Syntax vs. Compiler directives
OpenMP for C and C++ is implemented by using compiler directives mainly due to the reasons of source code compatibility (or: standards compliance). So a conforming program is intended to behave the same regardless if the actual compiler compiling the program supports those special pragmas or not.
For FreePascal I don't think this is the way to go, because first it changes comments into code and second, it makes the program far less readable. For C programs this doesn't seem to be an issue, if you get my meaning. But in my opinion, readability is a far more important issue than compatibility to older/different compilers. If all else fails, a preprocessor could be provided to strip out the parallel specific stuff, as has been suggested by Marco. Note that you would need this preprocessor for the directives too because older FPCs and Delphi don't skip unknown directives.
Well, enough talk, I start with the easier directives which are luckily the more fundamental ones.
Ok, I got more input than I'd expected and less time than I wished. :) Anyway, against my own objection, the idea of enclosing the parallel code into (local) functions looks very appealing, so I've changed the example accordingly.
parallel
The parallel
construct can only be used for a structured block. That means in Pascal it should be enclosed in some sort of begin
/end
pair anyway - so, as it has been suggested, we could use a (in this particular example non-local) function instead. Though, I don't know yet, if this may bite with other parts of the spec as this is evolving. Let's try:
(Original example A.4.1.c of the OpenMP V2.5 specification):
procedure SubDomain (var x : array of Float;
istart : Integer;
ipoints : Integer)
var
i : Integer;
begin
for i := 0 to ipoints - 1 do
x[istart + i] := 123.456;
end {SubDomain};
parallel procedure Sub (var x : array of Float);
// Variables declared here have private
context.
// So each instance of the parallel function has its own set, as usual.
var
iam : Integer;
nt : Integer;
ipoints : Integer;
// Any variable access outside of the function's scope accesses the variable in
// a shared context.
// This might prove problematic, especially because it causes special semantics
// on the function's parameters, probably depending on the parameter mode or worse:
// On the calling convention actually used (call-by-value vs. call-by-reference).
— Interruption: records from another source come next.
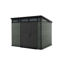 The Keter 9’x 7′ Cortina Heavy Duty Plastic Pent Shed – Green is modern in every way. With a slanted roof above a band of windows, it boasts a sleek, contemporary design that stores your belongings in eye-catching style. Its double layered walls are made from Evotech, our innovative composite material that gives you the aesthetic look and feel of wood but with the benefits of resin.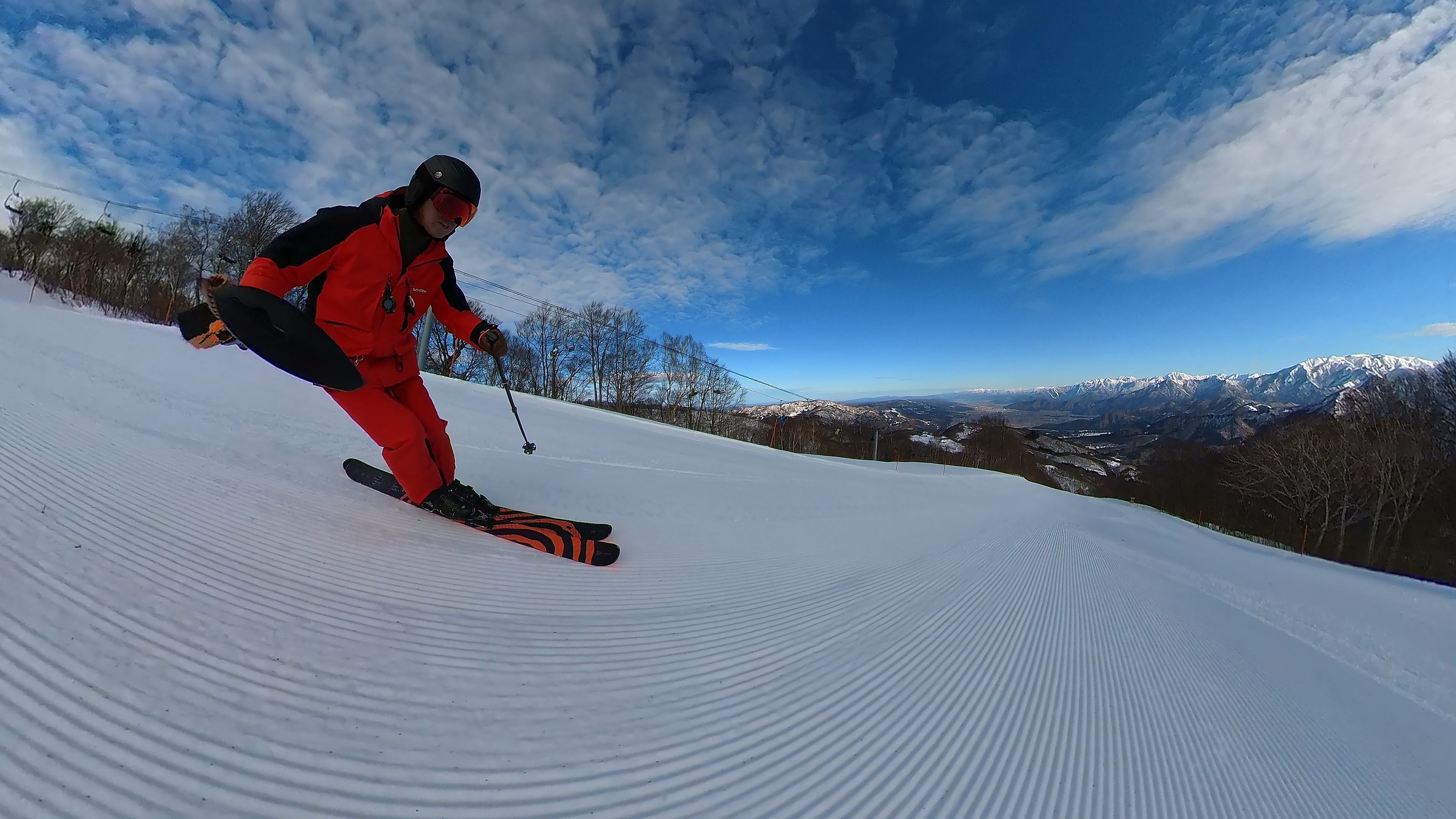 カリっカリなピステンバーンでエッジを取られちゃいます。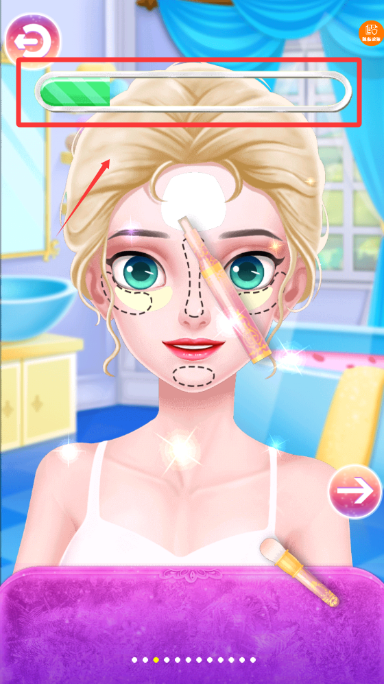 3、上面顯示有進(jìn)度條哦,綠色的進(jìn)度條加載滿了就完成妝容。
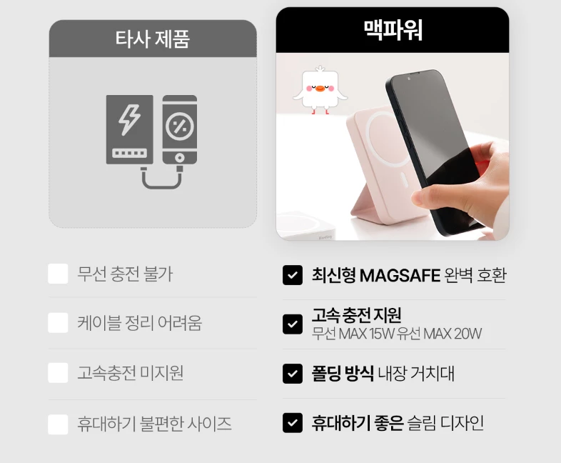 맥세이프란 아이폰12 시리즈부터 새롭게 추가한 기능으로써 스마트폰에 마그네틱을 탑재해 무선 충전 효율을 높인 기술이다. 이 보조배터리는 초강력 마그네틱 사용으로 약 900g 하중을 견디고 단단히 고정되어 안정적인 충전을 유지한다. 정품보다 1.5배 높은 약 2100 가우스로 부착력이 매우 좋다.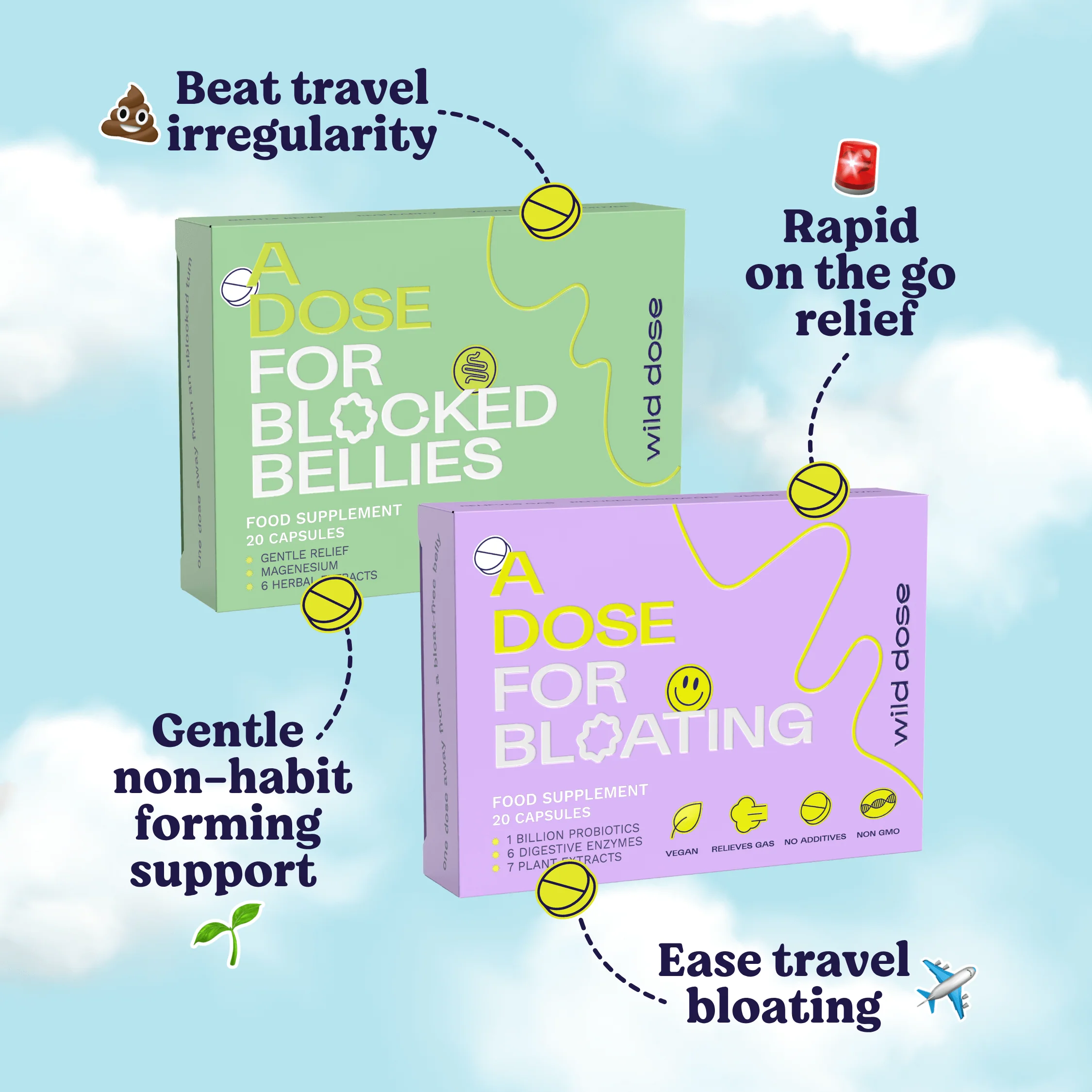 The perfect size for throwing in your bag and taking on your travels, our two best-selling formulas are daily essentials that support digestion, beat the bloat, and help you stay regular - so you can focus on enjoying every moment of your holiday, not worrying about your tummy.

begin // of (possibly) parallel section
iam := OMP.Get_Thread_Num; // OMP library calls.
nt := OMP.Get_Num_Threads;
ipoints := Length (x) div nt; // size of partition
istart := iam * ipoints; // starting array index
if iam = Pred (nt) then
ipoints := Length (x) - istart; // last thread may do more
SubDomain (x, istart, ipoints);
end {Sub};
var
arr : array[0 .. 9999] of Float;
begin // Main program
Sub (arr);
end.
I don't like the idea of declaring variables inside the actual statments, this looks very unpascalish. Maybe we can find a way around it. --FPK 10:22, 26 July 2006 (CEST)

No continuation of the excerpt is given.